> [WHAT YOU WILL DO]: The copy should hold exactly the lines below from the one that contains "Strass, logo imprimé" through the one that contains "तालिम कार्यक्रम स्थगीत" and nothing else, so no pictures.

> [RECORD EXCERPTS]:
★ ★ ★ ★ ★

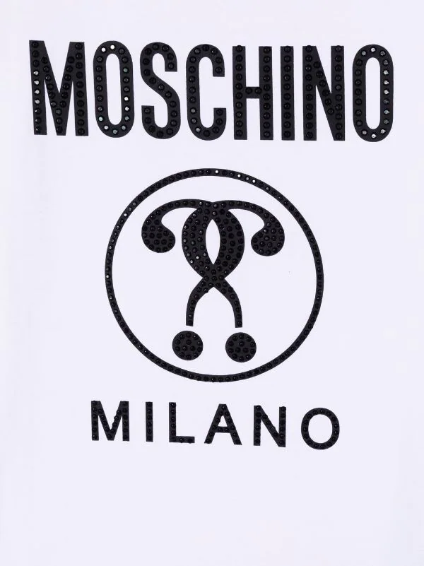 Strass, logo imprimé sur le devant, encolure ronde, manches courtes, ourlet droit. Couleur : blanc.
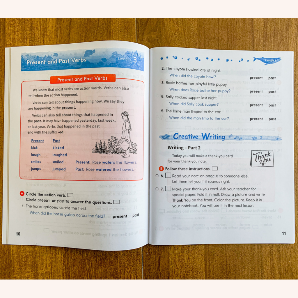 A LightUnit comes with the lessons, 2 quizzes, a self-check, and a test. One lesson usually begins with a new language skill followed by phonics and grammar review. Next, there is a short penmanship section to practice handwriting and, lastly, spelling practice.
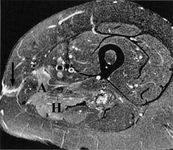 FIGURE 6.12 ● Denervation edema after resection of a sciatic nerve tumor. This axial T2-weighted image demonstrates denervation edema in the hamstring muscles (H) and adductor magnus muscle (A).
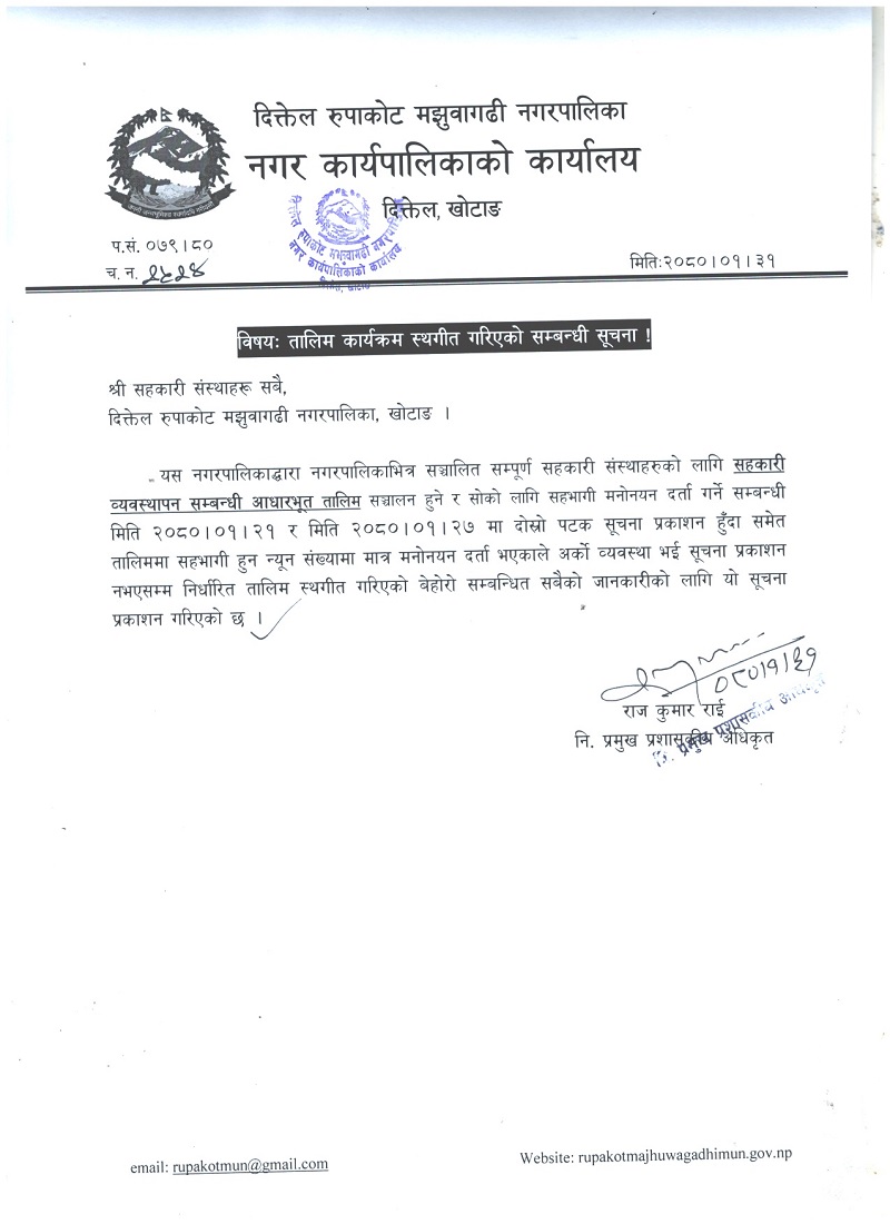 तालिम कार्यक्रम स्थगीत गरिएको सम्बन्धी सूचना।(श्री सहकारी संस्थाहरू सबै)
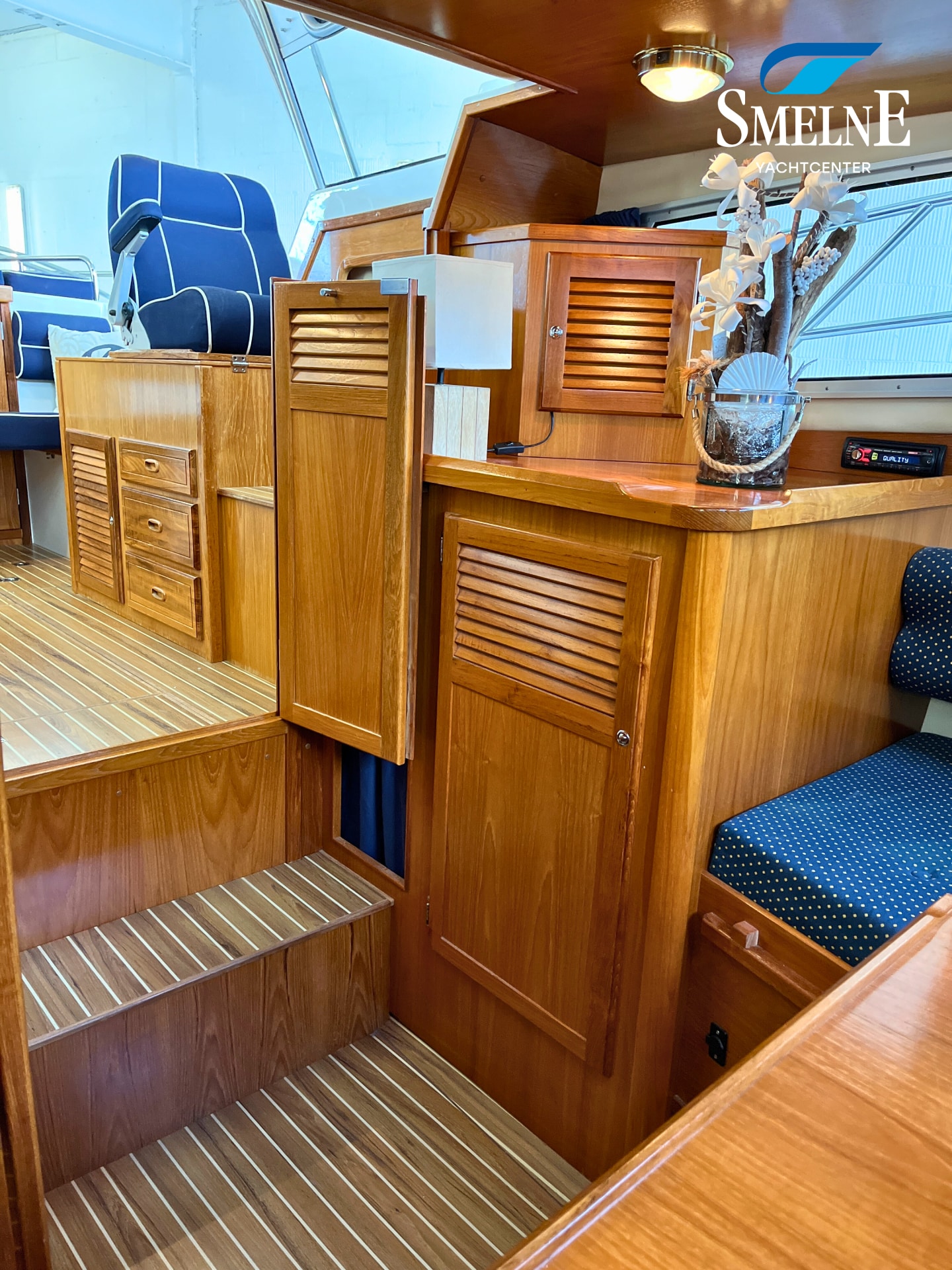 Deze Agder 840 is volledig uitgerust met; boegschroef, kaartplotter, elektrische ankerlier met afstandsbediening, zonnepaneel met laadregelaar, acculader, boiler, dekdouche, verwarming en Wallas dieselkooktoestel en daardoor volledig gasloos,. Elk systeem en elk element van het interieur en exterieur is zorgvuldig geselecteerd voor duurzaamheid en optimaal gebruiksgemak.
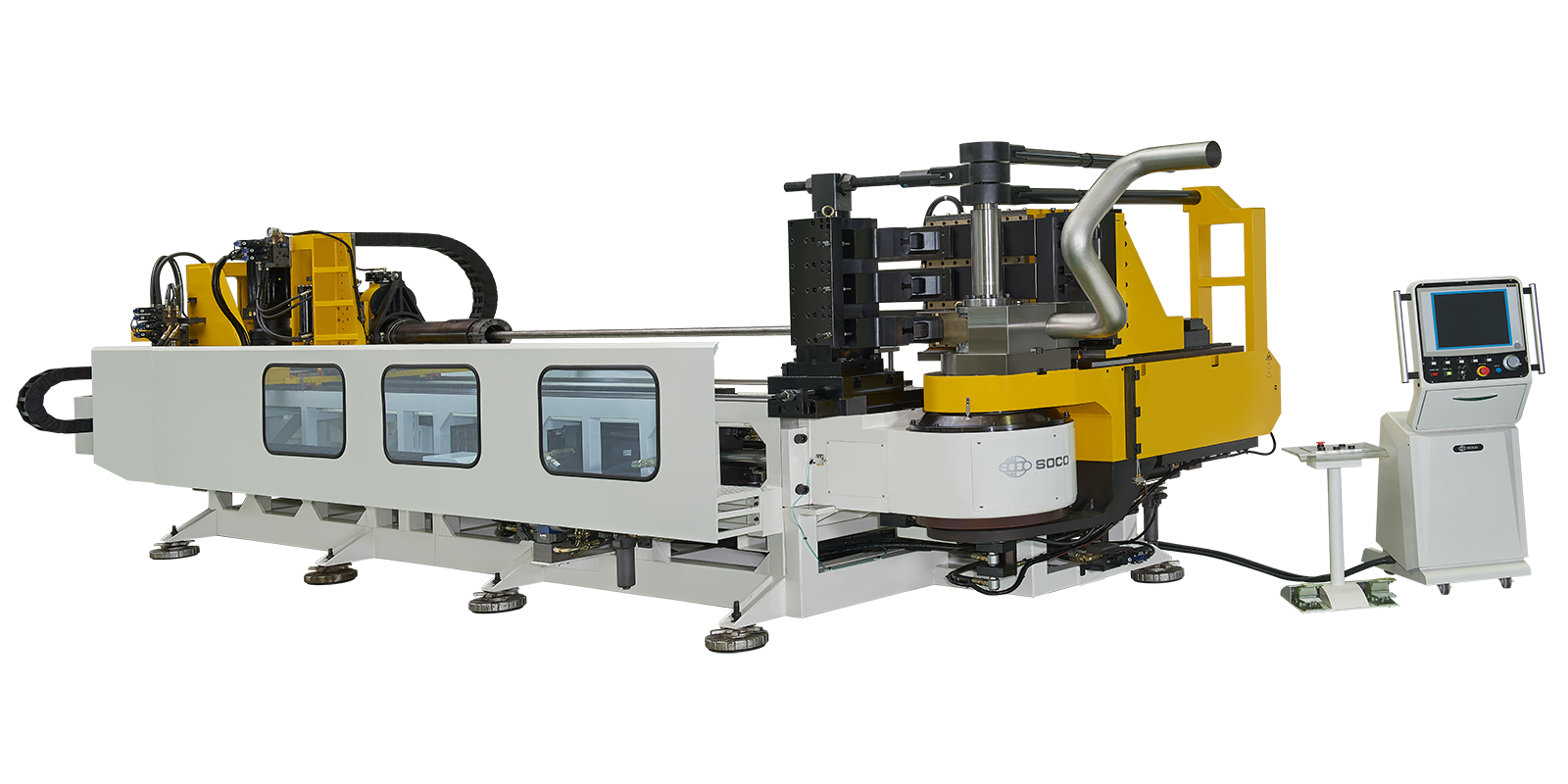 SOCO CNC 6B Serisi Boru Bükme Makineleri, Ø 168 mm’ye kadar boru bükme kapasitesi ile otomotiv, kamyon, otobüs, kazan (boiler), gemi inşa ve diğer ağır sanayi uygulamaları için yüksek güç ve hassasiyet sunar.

★ ★ ★ ★ ★

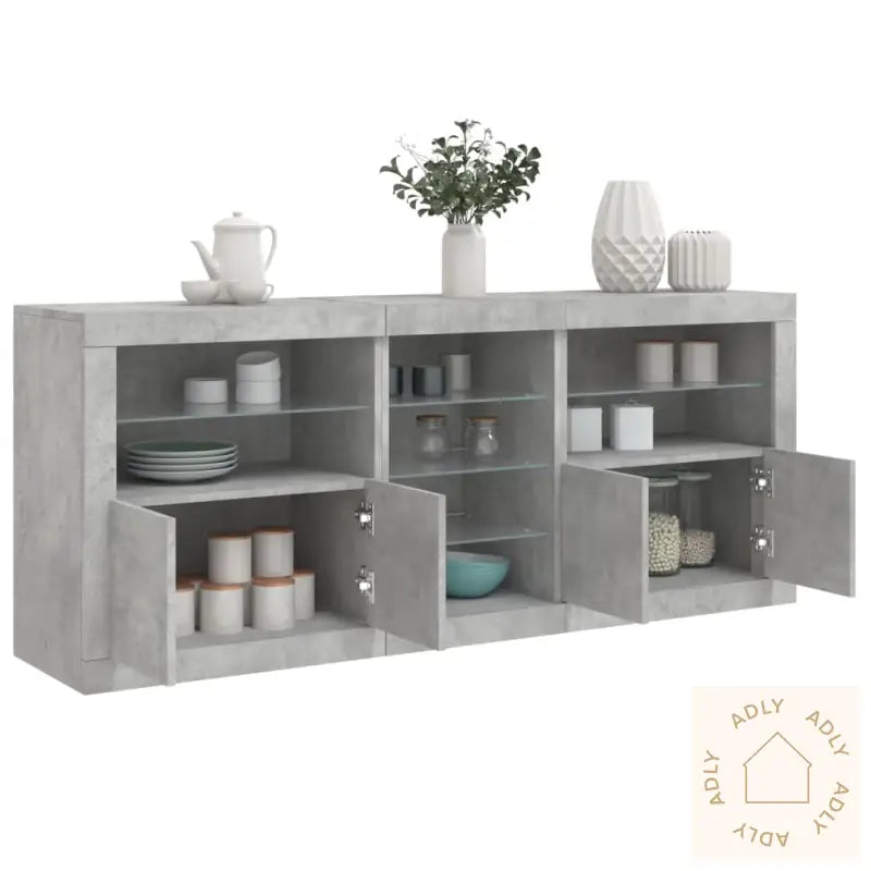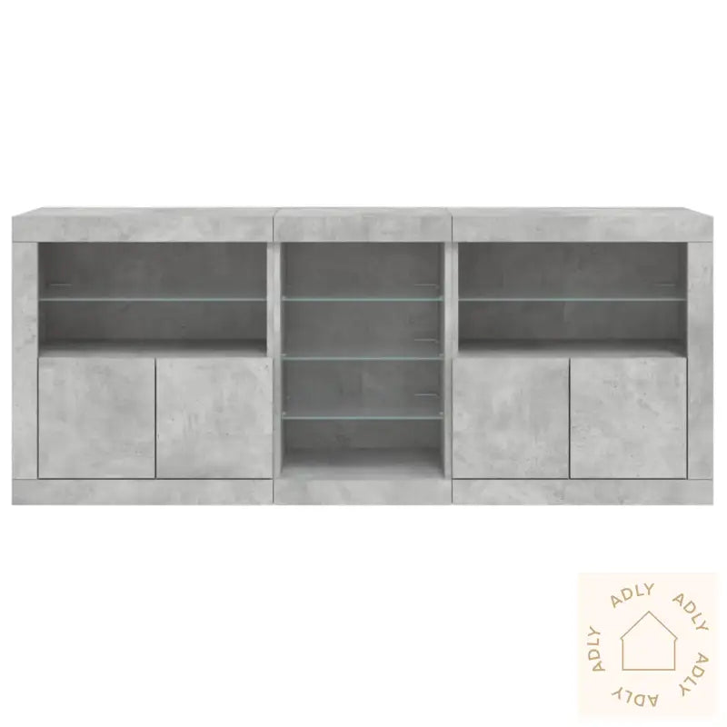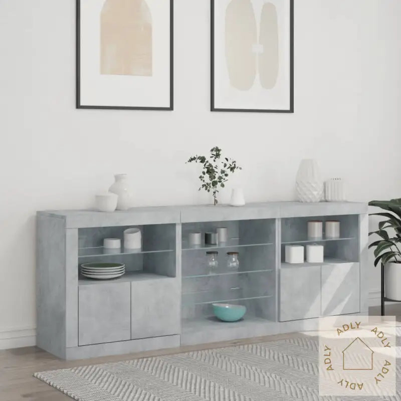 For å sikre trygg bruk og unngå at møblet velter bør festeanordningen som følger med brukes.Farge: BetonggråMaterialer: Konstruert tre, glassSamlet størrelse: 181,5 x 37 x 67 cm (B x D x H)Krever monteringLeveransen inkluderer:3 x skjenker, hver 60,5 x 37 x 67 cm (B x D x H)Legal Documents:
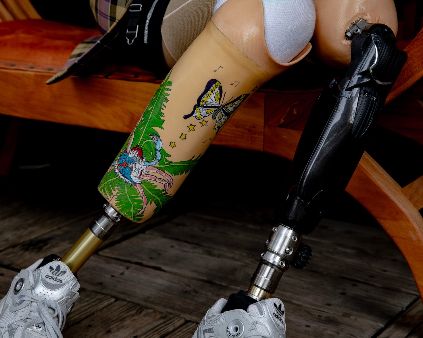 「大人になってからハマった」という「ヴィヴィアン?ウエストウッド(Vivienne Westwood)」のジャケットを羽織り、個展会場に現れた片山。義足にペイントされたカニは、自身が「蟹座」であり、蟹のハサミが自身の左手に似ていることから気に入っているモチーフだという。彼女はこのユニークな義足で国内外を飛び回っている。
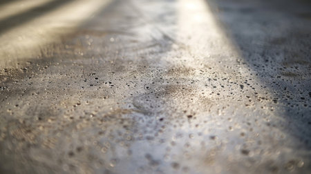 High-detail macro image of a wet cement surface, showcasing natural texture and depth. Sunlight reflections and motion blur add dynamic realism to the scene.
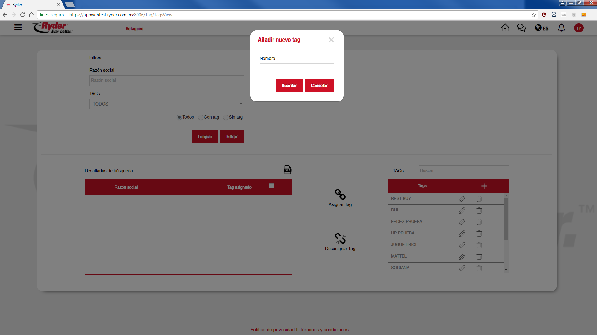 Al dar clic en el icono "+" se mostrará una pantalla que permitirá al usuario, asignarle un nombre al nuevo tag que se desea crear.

★ ★ ★ ★ ★

> [SOLUTION FOR THIS TASK]:
 Strass, logo imprimé sur le devant, encolure ronde, manches courtes, ourlet droit. Couleur : blanc.
 A LightUnit comes with the lessons, 2 quizzes, a self-check, and a test. One lesson usually begins with a new language skill followed by phonics and grammar review. Next, there is a short penmanship section to practice handwriting and, lastly, spelling practice.
 FIGURE 6.12 ● Denervation edema after resection of a sciatic nerve tumor. This axial T2-weighted image demonstrates denervation edema in the hamstring muscles (H) and adductor magnus muscle (A).
 तालिम कार्यक्रम स्थगीत गरिएको सम्बन्धी सूचना।(श्री सहकारी संस्थाहरू सबै)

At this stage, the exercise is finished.